Esri / spatial-framework-for-hadoop

The Spatial Framework for Hadoop allows developers and data scientists to use the Hadoop data processing system for spatial data analysis.
Apache License 2.0
363 stars 160 forks source link

GeoJsonInputFormat with Hive-0.14 NullPointerException #99

Closed randallwhitman closed 7 years ago

randallwhitman commented 8 years ago
$ hive  --hiveconf hive.root.logger=WARN,console
-- ...
hive> select rowid, st_astext(shape) from randall.test15gj2 limit 4;
OK
Failed with exception java.io.IOException:java.lang.NullPointerException
16/03/09 17:24:48 [main]: ERROR CliDriver: Failed with exception java.io.IOException:java.lang.NullPointerException
java.io.IOException: java.lang.NullPointerException
        at org.apache.hadoop.hive.ql.exec.FetchOperator.getNextRow(FetchOperator.java:663)
        at org.apache.hadoop.hive.ql.exec.FetchOperator.pushRow(FetchOperator.java:561)
-- ...
Caused by: java.lang.NullPointerException
        at org.apache.hadoop.mapred.TextInputFormat.isSplitable(TextInputFormat.java:49)
        at org.apache.hadoop.mapred.FileInputFormat.getSplits(FileInputFormat.java:343)
        at com.esri.json.hadoop.UnenclosedGeoJsonInputFormat.getSplits(UnenclosedGeoJsonInputFormat.java:40)
        at org.apache.hadoop.hive.ql.exec.FetchOperator.getRecordReader(FetchOperator.java:442)
        at org.apache.hadoop.hive.ql.exec.FetchOperator.getNextRow(FetchOperator.java:588)
        ... 15 more

Not seen on hive-.13 version.
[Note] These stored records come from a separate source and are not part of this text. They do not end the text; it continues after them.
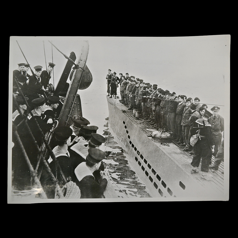 Original WWII Press Photograph – German U-Boat U-249 Surrendering at Weymouth, May 1945. An original vintage World War II press photograph issued by the Photo-Lique USIS, Paris (United States Information Service), depicting the surrender of the German submarine U-249 to British forces at Weymouth, Dorset, England, on May 7, 1945 — the first German U-boat to be formally surrendered to the Allies following the capitulation of Nazi Germany. The image shows German sailors standing on the deck of U-249 while British naval personnel observe from the escorting vessel. The typed caption on the reverse identifies the event, dated and certified by Allied censors, and notes Commander W. R. Nott of the Royal Navy receiving the surrender. A historically significant and rare official press photograph documenting the surrender of the first U-boat after Germany’s unconditional surrender, marking the end of the Battle of the Atlantic. Condition: excellent vintage condition, with original typed wartime information slip attached to the verso. Dimensions: approx. 18 x 24 cm.
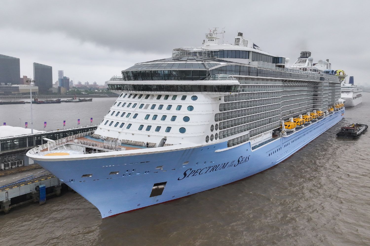4月26日,超大国际邮轮“海洋光谱号”回归阔别4年多的上海母港。图/中新社
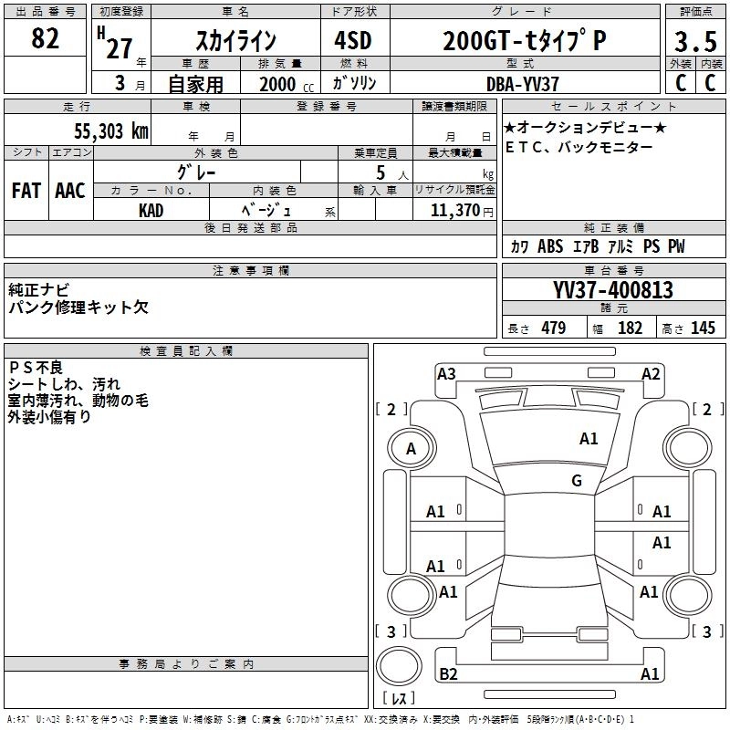 | 200GT-T TYPE P COOL EXCLUSIVE | DBA-YV37 | 274A | FR | 7AT | 1991cc | 211ps(155kW)/5500rpm | AИ-95 | 4 626 720 | |
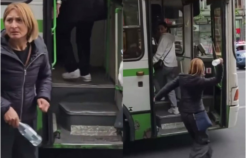 Համացանցում տարածվում է տեսանյութ, որում մի կին շիշ է նետում ավտոբուսի վարորդի ուղղությամբ:

Note: Hive (both .13 & .14) is using the MRv1 API of the InputFormat. Should also mention that GeoJsonInputFormat had passed integration testing with a custom MapReduce application - that exercised MRv2 rather than MRv1.

randallwhitman commented 8 years ago

I have a patch in development - need to prepare commit.

randallwhitman commented 8 years ago

Hive-.13: TextInputFormat => OK, FileInputFormat => OK. Hive-.14: TextInputFormat => NPE, FileInputFormat => OK.

Not sure whether to characterize this as a bug in UnenclosedGeoJsonInputFormat, or/versus, a bug in Hive-.14; fortunately the anonymous class extending FileInputFormat<K,V> works in both.